If this alert isn’t actionable, noisy, or was raised too late you might want to tune it.

Through the component parameters you have the option modify the alert threshold factor, change for how long it needs to be firing until you are alerted, or disable it outright. In the example below will adapt the rule to only alert after four hours and change the threshold factor to 0.7.

capacityAlerts:
  groups:
    MemoryCapacity:
      rules:
        ClusterMemoryUsageHigh:
          enabled: true
          for: 4h
          expr:
            factor: 0.7

Alert Rule: SYN_ExpectClusterMemoryUsageHigh

Overview

This alert indicates that the total memory utilization over all worker nodes may become high over the next days. By default, this alert will fire if we expect the amount of unused memory to be less than the memory capacity of the largest worker node in three days.

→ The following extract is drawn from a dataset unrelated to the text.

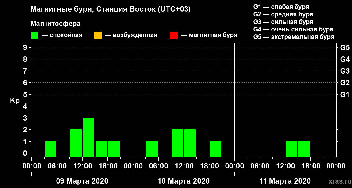 Магнитные бури локации Станция Восток — 11 марта 2020 года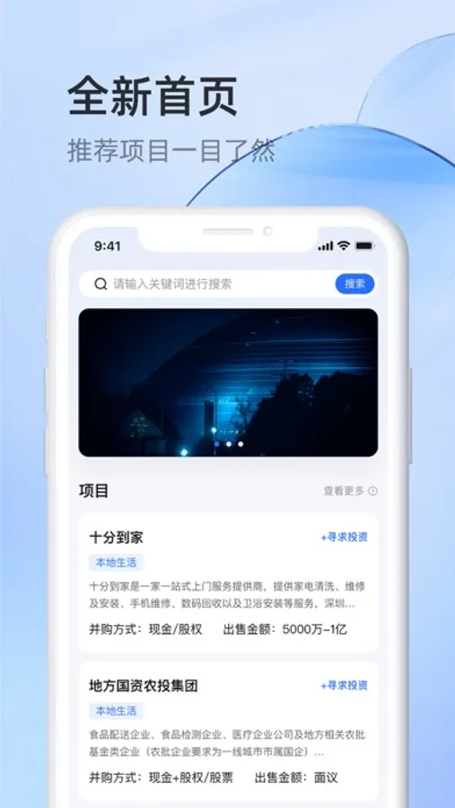 91并购,作为一款专为中国投资者量身打造的互联网平台,致力于追踪并深度解析全球范围内重大并购、合并、股权转让事件,引领您精准把握资本市场的脉搏。这款应用程序以其全面的信息覆盖、便捷的操作体验,成为您洞察投资机遇、洞悉行业趋势、优化决策过程的得力助手。海量项目库。汇聚各行各业的项目,涵盖初创企业,成长型企业乃至成熟上市公司,满足不同投资阶段和偏好。凭借其权威的信息来源、强大的数据分析能力与卓越的用户体验,为中国的投资者构建起一座连接全球并购市场的桥梁。

If you receive this alert, the cluster might soon not be able to keep all workloads running in case of a worker node failure. After verifying the memory utilization growth, you should consider adding more memory capacity in the next days.

Investigate

  • Look at the source of this alert in Prometheus

    • Does the prediction look realistic?

    • Compare it to the graph without the predict_linear

    • If there is any doubt in the prediction, monitor this graph for the next hours or days

  • Check the actual memory usage on each worker node

    kubectl top nodes

    If the number is widely different than the prediction, the alert is probably not actionable.

  • Check if there is a sudden increase in memory usage that indicate that this might be temporary or caused by a misbehaving workload.

  • Add one or more worker nodes or resize existing worker nodes according to the install instructions for your cloud

Tune

If this alert isn’t actionable, noisy, or was raised too late you might want to tune it.

Through the component parameters you have the option tune the alert rule. You can modify the threshold, change for how long it needs to be firing until you are alerted, how far into the future to predict, or disable it outright.

In the example below will adapt the rule so that it will alert if we expect that all memory will be utilized in 5 days, but only if it fired for 12h.

capacityAlerts:
  groups:
    MemoryCapacity:
      rules:
        ExpectClusterMemoryUsageHigh:
          enabled: true
          for: 12h
          expr:
            threshold: '0' (1)
            predict: '5*24*60*60' (2)
1 The threshold can be an arbitrary promql expression
2 How far into the future to predict in seconds